As the directors of the federal government’s community battery program, the Australian Renewable Energy Agency (ARENA) today opened expressions of interest for the first of two funding rounds, totalling $171 million, with $120 million of that allocated in round one.
The program appears quite different from its early visions though. Firstly, applicants must deploy a minimum of five community batteries – a requirement which would surely lead to the exclusion of community groups, unless forming large coalitions. Secondly, the funding will be equally divided between Distributed Network Service Providers (DNSPs), or networks, and non-network applications (everyone else).
To be eligible for the funding, each of the community batteries must be between 50 kW and 5 MW and connect to the local grid as front of meter devices. Applicants will be able to seek up to $20 million each.
Last week, Independent Senator Rex Patrick accused the federal Labor government of rorting this community battery scheme, after a Freedom of Information (FOI) request revealed the locations for 58 of the 400 promised batteries were selected while Labor was in opposition, and had mainly been promised in locations where the Labor party was either looking to hold or gain seats.
To be clear, ARENA is now managing the community battery funding program, but before the agency become involved, the Labor party had already selected 58 community battery locations, leaving ARENA to select the remaining 342 projects through its own tenders.
Specifically, Senator Patrick said 32% of the “eligible locations” for the Labor-party awarded grants were suburbs in safe or fairly safe Labor seats, and 42% of them were in marginal seats. This, Senator Patrick said, “has a rotten stink about it.”
Independent MP Rebekha Sharkie, who has worked with Senator Patrick in the past on renewable industry accountability, confronted Chris Bowen, the Minister for Climate Change and Energy, on Labor’s selection decisions in Parliament. Minister Bowen responded: “Opposition [parties] make election commitments… governments, when elected, then deliver on those election commitments.”
Community battery program nitty gritty
Coming back to how the scheme will work, ARENA CEO Darren Miller said community batteries represent the next step in optimising distributed energy resources in the electricity grid.
“Not everyone is able to install rooftop solar, but by storing electricity close to the point of consumer demand, we can reduce network costs and alleviate constraints in areas with high solar penetration.”
This is a somewhat surprising remark given electricity networks in Australia operate under a “postage stamp pricing” mandate which dictates every customer in a network area pay the same service fee. This principle, while based on maintaining equity, sets up a structure where using locally generated power has no financial reward – a fact which has undercut the viability of the number of community battery projects and proposals.
It is not clear if perhaps the ARENA team has been working with networks to provide some flexibility on fees when it comes to local community batteries.
It is also worth noting that while electricity networks were previously barred from participating in wholesale energy markets, the Australian Energy Regulator in February granted networks an exemption from this rule for community battery projects, known as a Ring-fencing class waiver.

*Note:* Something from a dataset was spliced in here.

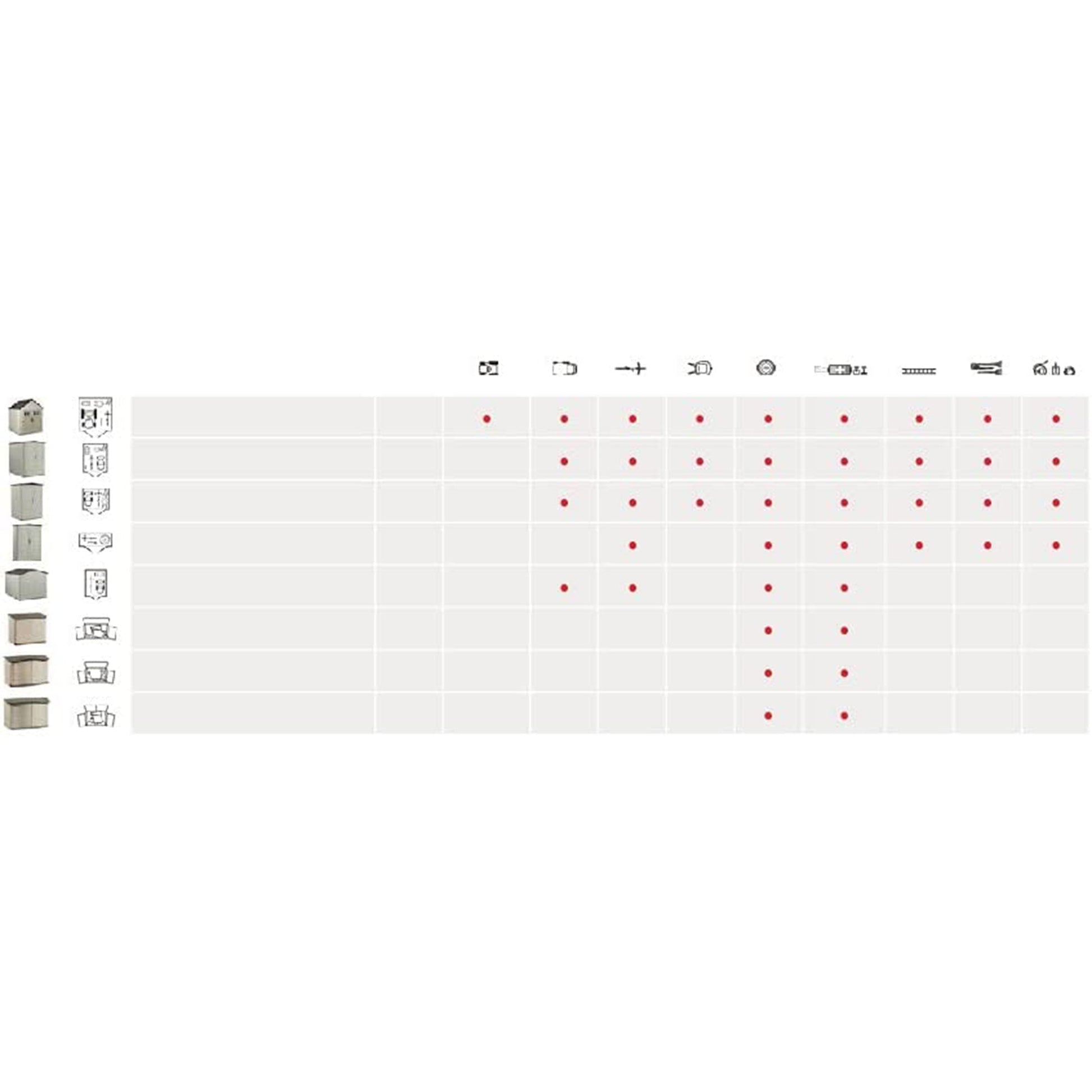 It is the only double-walled storage shed in its class (horizontal storage sheds with 15 - 25 cubic feet of storage space). The Horizontal Storage Shed is durable and weather-resistant. An easy, hassle-free storage solution, it comes with a heavy duty, impact resistant floor and has a storage capacity of 18 cubic feet. The shed can accommodate one wood shelf.
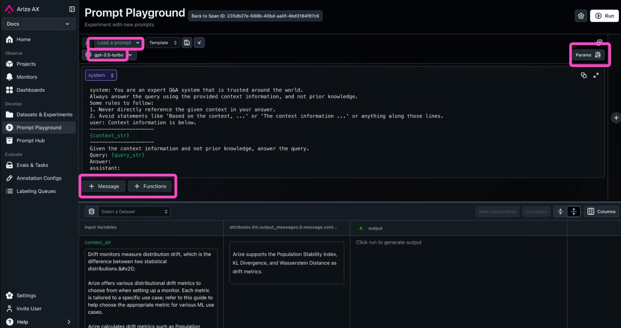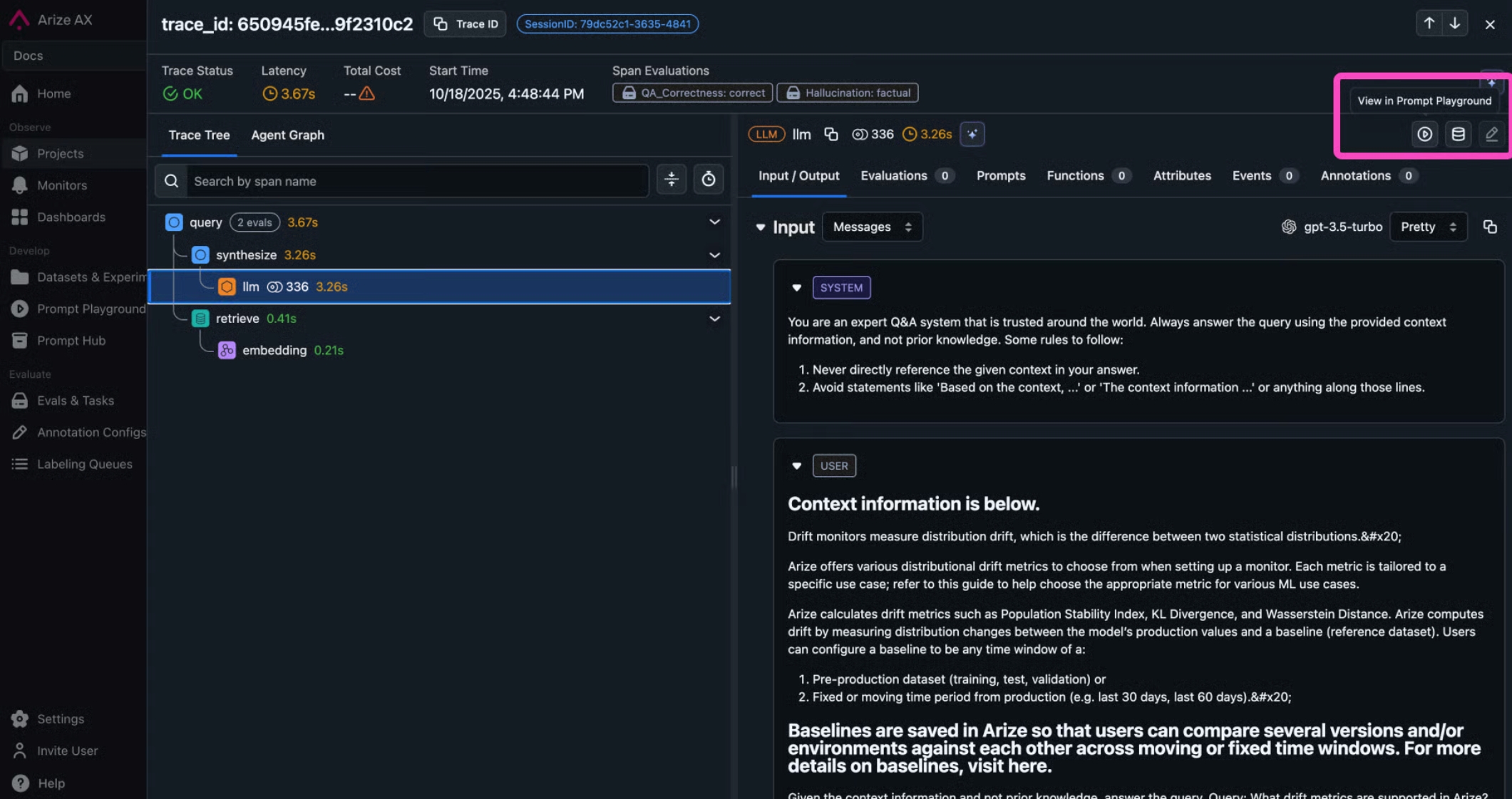 All LLM parameters, prompt templates, input messages, variables, and function definitions are automatically populated, so you can replicate the exact call without manual setup. This allows you to iterate quickly, test changes in context, and continuously refine prompts.

Community batteries in Australia
The concept of community batteries has stirred great excitement in Australia, promising to distribute locally produced green energy from rooftop solar power in equitable and efficient ways. Unfortunately, few projects have been able to deliver on such promises to date due to a number of technical, regulatory, financial and other issues.
Community batteries, it seems, are not particularly good revenue generators, nor shared ‘solar shifting’ devices. Where they shine is as a solution to particular local network issues, according to Bjorn Sturmberg, research leader in the battery storage and grid integration program at the Australian National University (ANU). Reliability, daily voltage control, reverse power flows, and energy resilience in the face of natural disasters simply can’t be worked out on the continental electricity system, and have to be addressed locally through devices like community batteries.
This led Sturmberg to conclude electricity networks are the most logical choice to own and operate community batteries. ARENA, it seems, has come to a similar conclusion.
Trust in electricity networks, however, hardly abounds. Pv magazine has heard reports of transmission and network companies radically shifting the price they charge to connect battery projects, with quotes sometimes shooting up in the tens of millions in a matter of months for utility-scale projects.
Moreover, the Institute for Energy Economics and Financial Analysis, the IEEFA, recently released a report on the supernormal profits of Australia’s electricity networks, which tend to be monopolies. It called on state and federal governments to better regulate networks’ profits.
Whether this program can successfully recover and deliver on its conceptual promises remains to be seen. In the meantime, ARENA will hold two webinar information sessions on April 12 and 18 for interested parties. Expressions of interest for round one close on June 30.